Show that $\infty$-norm and $C^1$-norm are not equivalent.
For the $C^1([a,b],\mathbb{R})$ space, show that
$\displaystyle ||g||_\infty=sup_{a\leq t\leq b}|g(t)|$
and
$\displaystyle ||g||_{C^1}=sup_{a\leq t\leq b}|g(t)|+sup_{a\leq t\leq b}|g'(t)|$
are not equivalent.
My attempt:
$\displaystyle |g'(t)|>0 \implies sup_{a\leq t\leq b}|g'(t)|>0$
So then
$\displaystyle ||g||_\infty=sup_{a\leq t\leq b}|g(t)| \leq sup_{a\leq t\leq b}|g(t)|+sup_{a\leq t\leq b}|g'(t)| \leq p ||g||_{C^1}$ for constant $p \geq 1$.

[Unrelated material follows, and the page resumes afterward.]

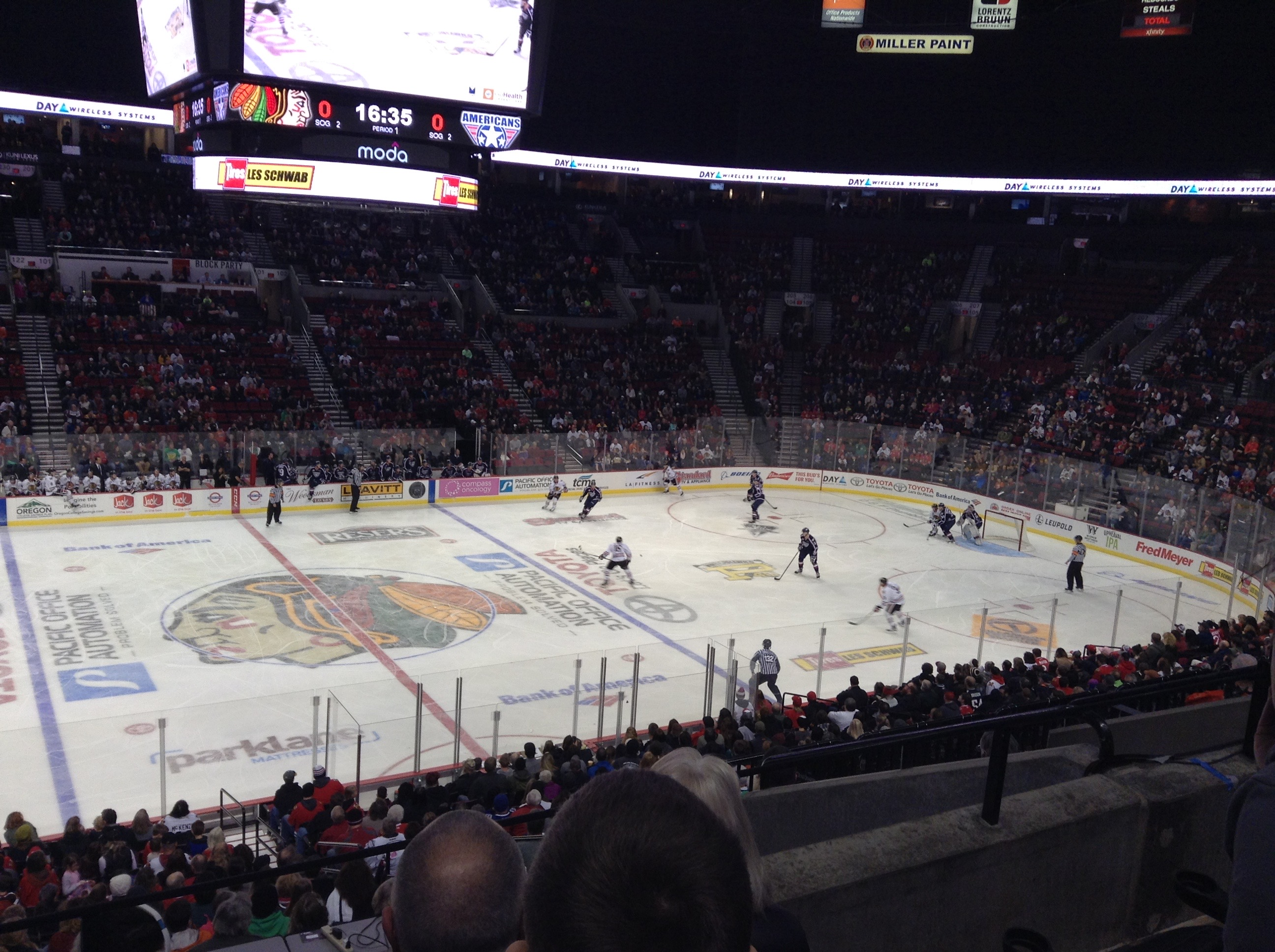 Portland Winterhawks 01/24/16 game vs. Tri-City Americans

If the two norms are not equivalent then I'm assuming that
$||g||_\infty \ngeq q ||g||_{C^1}$ for any constant $0<q<1$. How do I show this is true?
Is this a good approach or does anyone have a better idea?
A plan for show this kind of non-inequality is to show a sequence of functions where the left side is bounded, but the right diverges. Therefore there can be no such constant.
Can you think of a simple sequence of functions that are bounded in their extreme values, but have unbounded slopes?